Figuring out the call stack of the Python program is done by looking at the global PyInterpreterState variable to get all the Python threads running in the interpreter, and then iterating over each PyFrameObject in each thread to get the call stack. Since the Python ABI changes between versions, we use rust's bindgen to generate different rust structures for each Python interpreter class we care about and use these generated structs to figure out the memory layout in the Python program.

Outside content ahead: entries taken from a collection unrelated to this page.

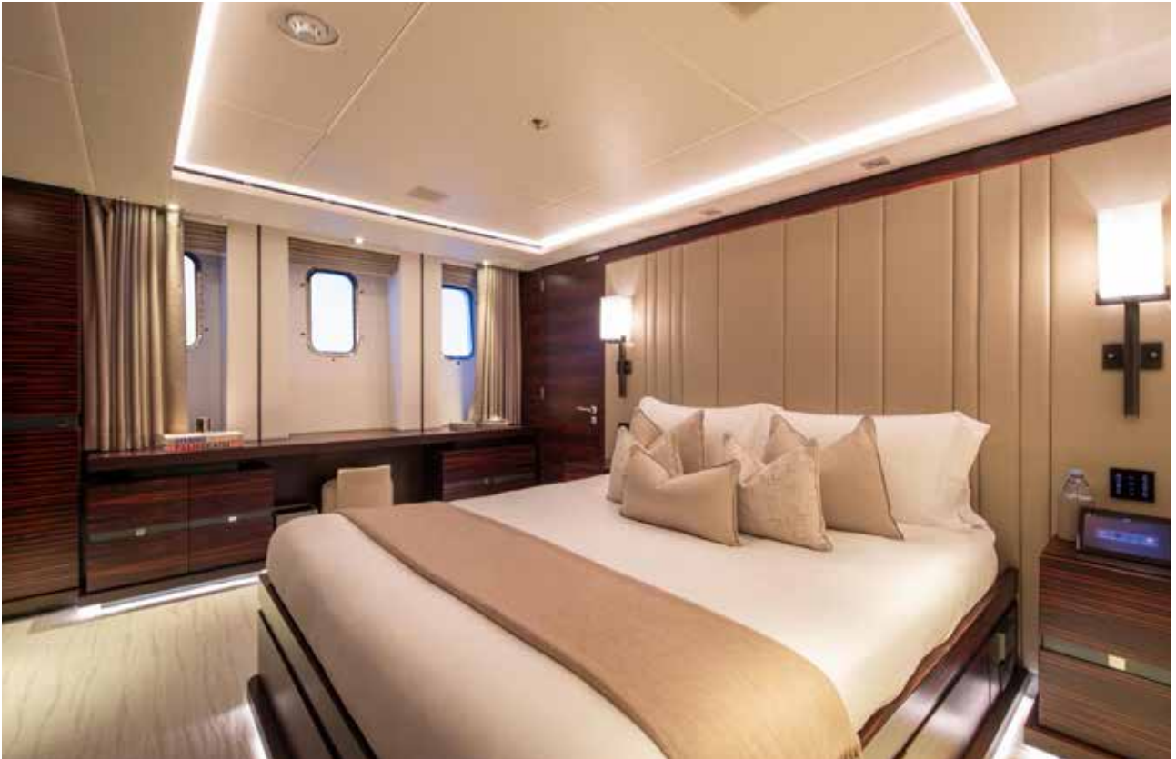
GUEST CABIN 4
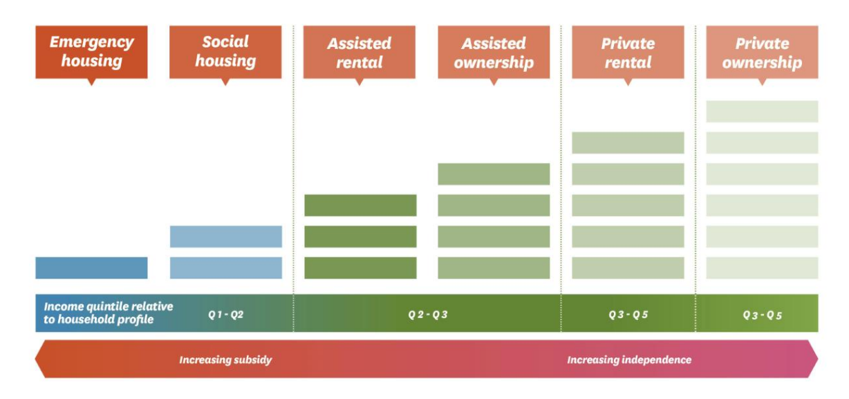
Figure 1: Community Housing, 2021. Housing Continuum. Available at: https://www.communityhousing.org.nz/housing-continuum/
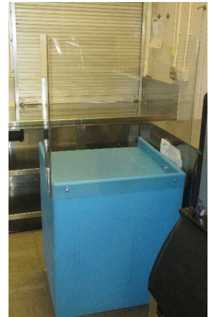
Kitchen Register Cart
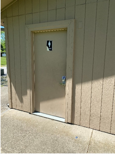
Women's Restroom Door

Getting the memory address of the Python Interpreter can be a little tricky due to Address Space Layout Randomization. If the target python interpreter ships
with symbols it is pretty easy to figure out the memory address of the interpreter by dereferencing the
interp_head
or _PyRuntime
variables depending on the Python version. However, many Python
versions are shipped with either stripped binaries or shipped without the corresponding PDB symbol files on Windows. In
these cases we scan through the BSS section for addresses that look like they may point to a valid PyInterpreterState
and check if the layout of that address is what we expect.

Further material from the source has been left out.